▶ **What you will do**: Transcribe exactly, and without pictures, only the lines from the one bearing "Girls Sequin Dress" through the final line of the data below.

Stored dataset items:
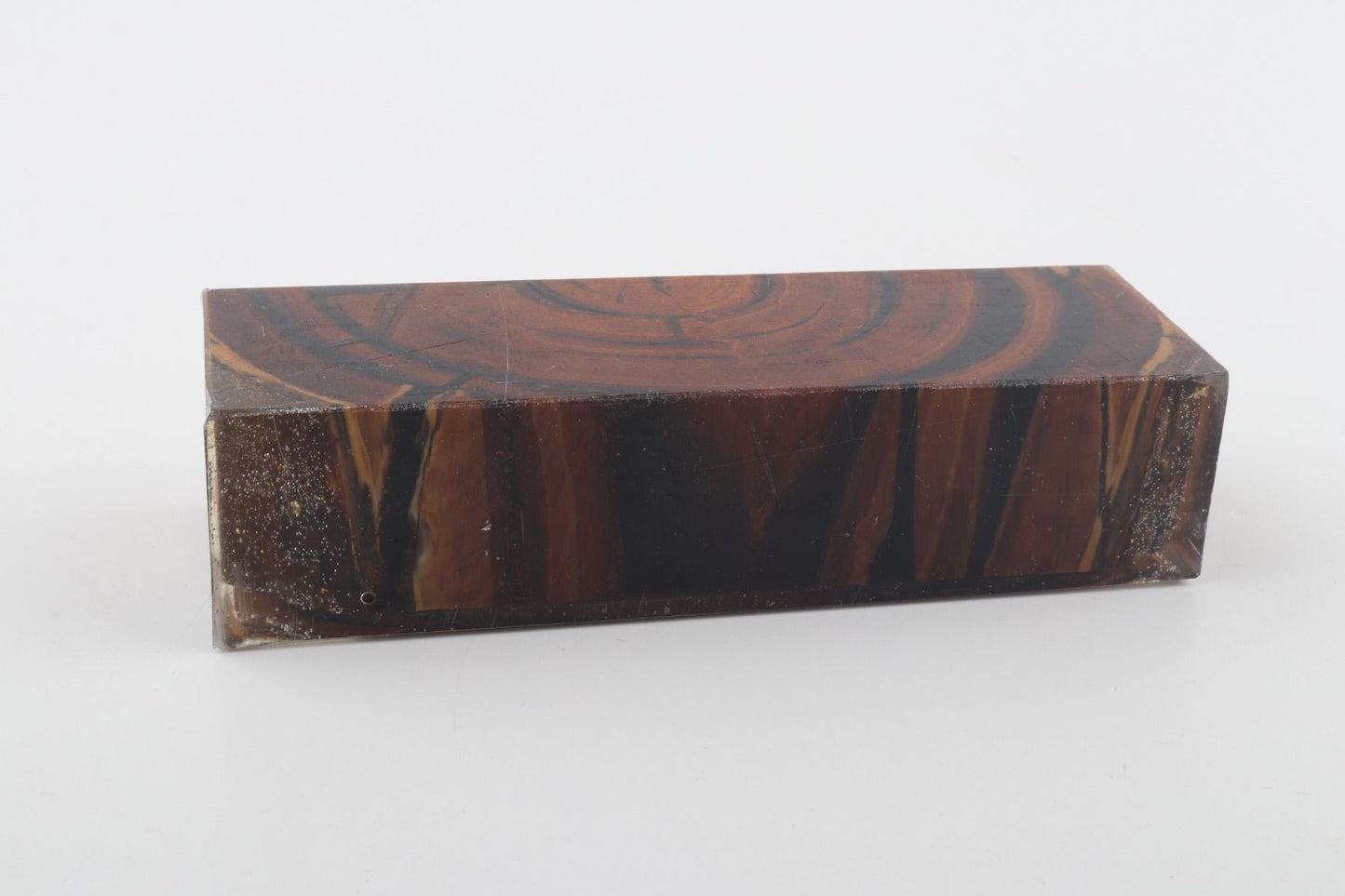 This is a cross-cut stabilised woolly mammoth ivory block (Mammuthus primigenius). This block can be precision-cut, drilled, sanded, polished etc. to achieve the desired results. Consistent width and thickness with reserves on both ends. The colour of the ivory is brown.
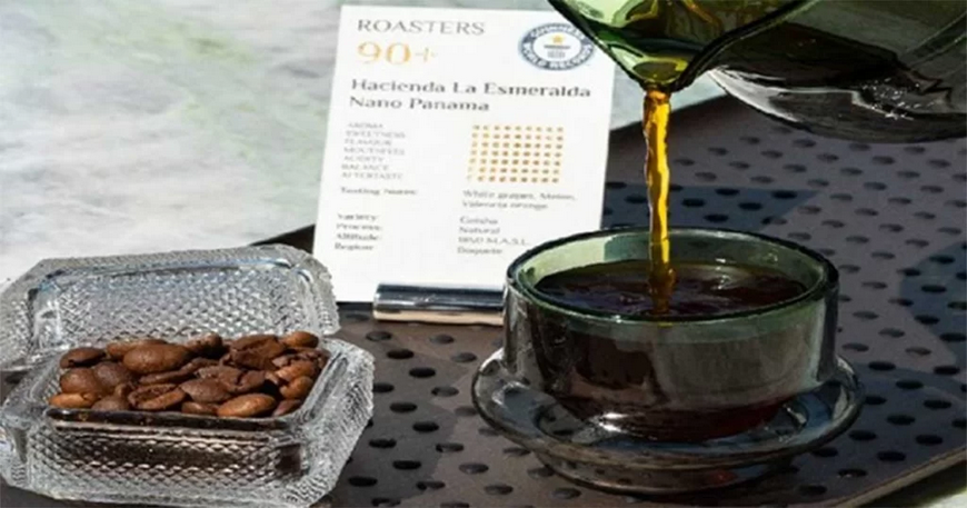 Minuman eksklusif ini menggunakan biji kopi Panamanian Geisha yang sangat jarang ditemukan. Ia ditanam di ladang terkenal Hacienda La Esmeralda, Panama.
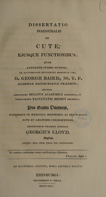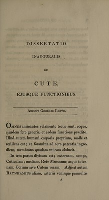 Dissertatio inauguralis de cute, ejusque functionibus / [George Lloyd].
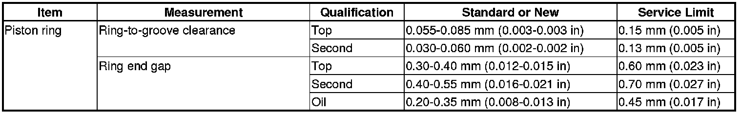 Piston Ring Specification(s)
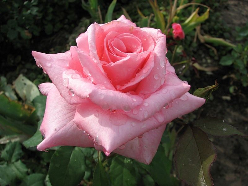 Саженец чайно-гибридной розы "Эйфелева башня" (Eiffel Tower) привлекает внимание своими длинными и элегантными бутонами. Они обычно появляются по одному на концах высоких прямостоячих побегов, что визуально удлиняет цветок. Распустившиеся цветки также впечатляют: они имеют нежный сиренево-розовый оттенок с более темной оборотной стороной лепестков, который со временем выгорает до мягкого розового. Этот сорт особенно популярен для срезки благодаря своей красоте и аромату, который многие считают одним из самых сладких и насыщенных среди чайно-гибридных роз.
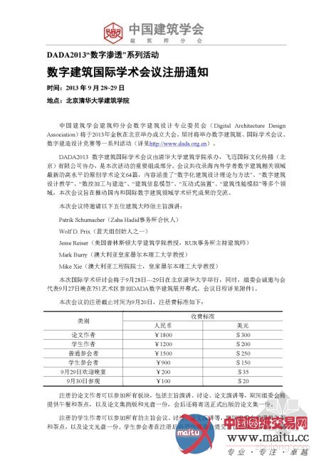摘要:金秋9月DADA2013数字建筑设计国际会议将在清华建筑学院召开。国表里数字建筑专家齐聚北京,共探数字设计将来。Patrik Schumacher、Jesse Reiser、Wolf D. Prix、Mark Burry大年夜师讲座与您相约。更有DADA数字建筑展将于751D·PARK北京时尚设计广场揭幕,敬请存眷。详情请见海报。
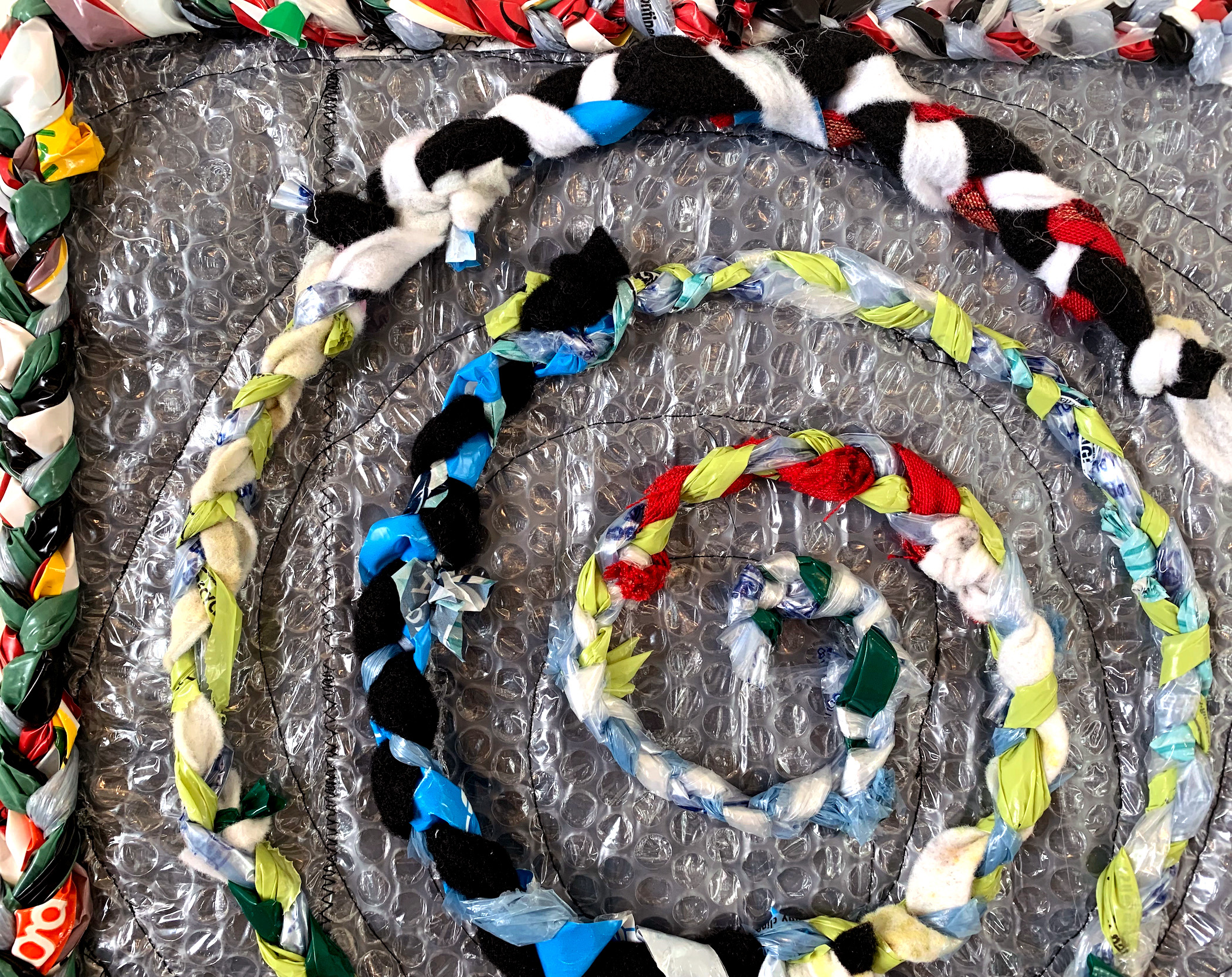 Plastic bags, fabric, plastic bubble wrap envelopes, detritus, cheese cloth, glue
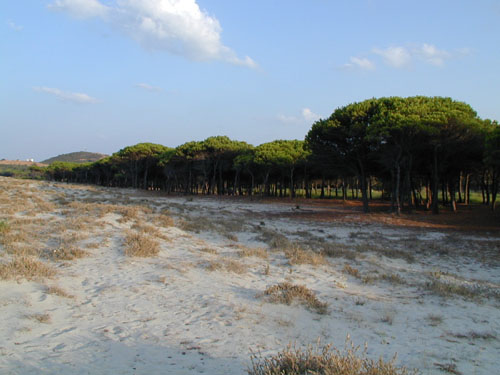 spiaggia di sabbia e dalla pineta di Sa Preta Ruja. La
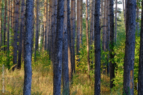 © avtk, Obraz premium Закат в сосновом лесу в начале осени.
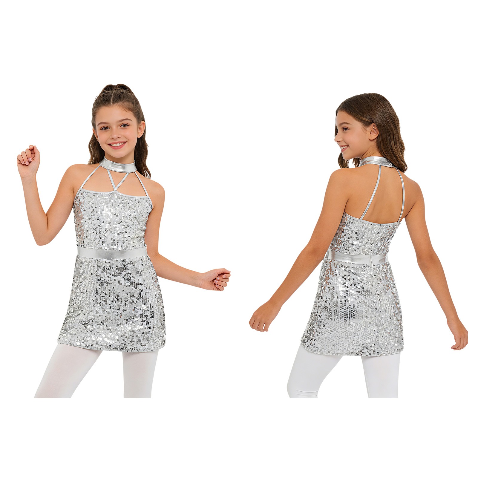 Girls Sequin Dress Glittery Hip Hop Performance Jazz Dance Metallic Trim Stage
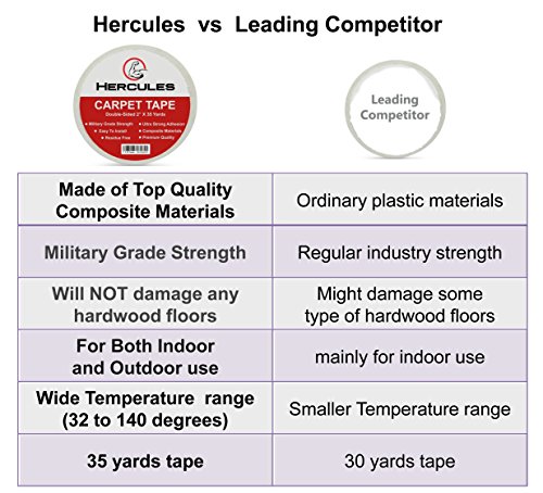 LIFETIME WARRENTY: We stand behind our top quality Hercules carpet tape. Your purchase is backed by our "no questions asked" 100% money back guarantee.

▶ **Written reply**:
 Girls Sequin Dress Glittery Hip Hop Performance Jazz Dance Metallic Trim Stage
 LIFETIME WARRENTY: We stand behind our top quality Hercules carpet tape. Your purchase is backed by our "no questions asked" 100% money back guarantee.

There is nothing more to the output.